Defensa de la agricultura

Su preocupación por el desarrollo de la agricultura le llevó a escribir miles de artículos en periódicos y revistas, cada uno de los cuales era una herida en el cuerpo de la ignorancia oficial estancada en la burocracia. Recio baluarte agrario, defensor a ultranza de la agricultura en general, teniendo como punta de lanza el aceite de oliva, luchó denodadamente en su defensa contra los aranceles que constituían la protección oficial del aceite de semillas. Sabedor de que el olivo representaba la mayor riqueza de Andalucía y una de las mayores de España y que sus productos eran insuperables.

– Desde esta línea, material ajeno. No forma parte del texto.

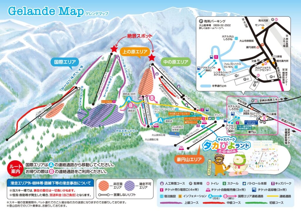 大山周辺は天候の変化が早く、ガスや降雪で視界が急変することがあります。ロングランでは滑走時間が長くなるため、脚への疲労も蓄積しやすく、無理な本数設定は避けることが重要です。標高差による気温変化にも注意しましょう。

Los agricultores cordobeses, representados por la Cámara Agrícola, quisieron patentizar su aprecio y gratitud hacia el Alcalde de Bujalance, obsequiándole con un banquete, homenajeándole junto al Marqués de Viana y solicitando para él una alta condecoración, entregándole en dicho acto un artístico pergamino en el que expresaban los merecimientos del Sr. Zurita. Dicho homenaje se le tributó en Córdoba el día doce de julio de 1926 (Libros de Actas, sesión del día veintinueve de junio de 1926). En este mismo año los Ayuntamientos de la provincia lanzaron la idea, por la prensa recogida y divulgada, de pedir al Gobierno una alta condecoración para el Sr. Zurita. Como consecuencia de ello, en 1928 recibió la imposición de la Gran Cruz del Mérito Agrícola.

Hacia octubre de 1930, al contrario que la mayor parte de los países europeos, España no contaba ni con un partido agrario, ni con un Ministerio de Agricultura, y el Estado dedicaba menos del 0,50% del presupuesto a la base principal de su economía. Antonio Zurita, arrendatario del Duque de Medinaceli, era primer vicepresidente de la Cámara de Agricultura de Córdoba y director de su revista. Según Jacques Maurice, (El anarquismo andaluz, pág. 129) en sus artículos representaba el punto de vista de un grupo en ascenso, el de los labradores. Este grupo no tenía partido, pero si llegaba el caso, sus organizaciones sociales y profesionales podía cumplir esa función. Posteriormente, antes de la República, el señor Zurita se afilió a la Unión Monárquica, el partido que presidía José Cruz Conde.[3]

Guerra Civil

El golpe de Estado de 1936 y la guerra civil sorprenden a Zurita en Madrid junto a su hija y yerno, que preparaba oposiciones a la cátedra de Veterinaria. Su yerno, debido a sus ideas republicanas, nunca más pudo volver a Cabra. .[4]

Referencias

  1. Visita de Alfonso XIII a Bujalance, por Francisco Martínez Mejías, Cronista Oficial de Bujalance.
  2. Telegramas de protesta por el asesinato de don Gaspar Zurita Romero, en el diario La Voz.
  3. Visita de Alfonso XIII a Bujalance, por Francisco Martínez Mejías, Cronista Oficial de Bujalance.
  4. Esquela de Juan Carandell, en el diario El Defensor de Córdoba, 27 de septiembre de 1938.